- _What the task requires_: For the entries that follow, retype exactly the lines from the one containing "河南泽槿律师事务所主任付建表" to the one containing "(서울=포커스뉴스) 6일 서울", inclusive, and only those. Images stay out of the copy.

- _Task inputs_:
===

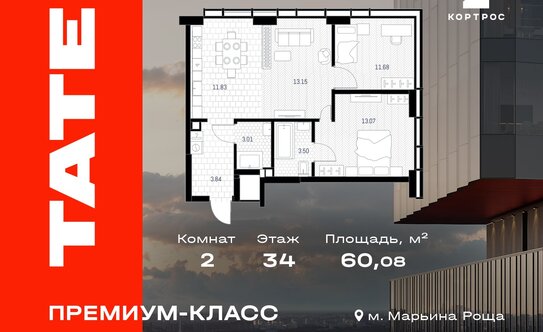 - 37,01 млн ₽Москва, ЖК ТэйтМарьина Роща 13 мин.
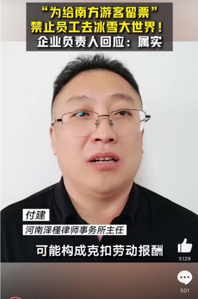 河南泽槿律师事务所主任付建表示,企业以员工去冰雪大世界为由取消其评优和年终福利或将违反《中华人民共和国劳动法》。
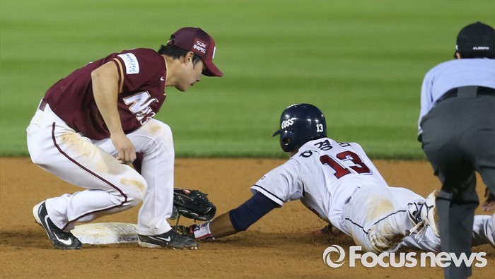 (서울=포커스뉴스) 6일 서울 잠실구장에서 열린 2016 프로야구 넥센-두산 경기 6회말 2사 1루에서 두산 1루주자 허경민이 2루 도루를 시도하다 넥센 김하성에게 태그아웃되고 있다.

===

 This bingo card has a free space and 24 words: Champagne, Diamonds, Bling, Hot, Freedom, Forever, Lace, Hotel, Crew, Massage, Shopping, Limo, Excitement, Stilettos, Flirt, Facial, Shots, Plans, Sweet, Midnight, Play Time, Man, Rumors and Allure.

===

- _Solution for this exercise_:
 河南泽槿律师事务所主任付建表示,企业以员工去冰雪大世界为由取消其评优和年终福利或将违反《中华人民共和国劳动法》。
 (서울=포커스뉴스) 6일 서울 잠실구장에서 열린 2016 프로야구 넥센-두산 경기 6회말 2사 1루에서 두산 1루주자 허경민이 2루 도루를 시도하다 넥센 김하성에게 태그아웃되고 있다.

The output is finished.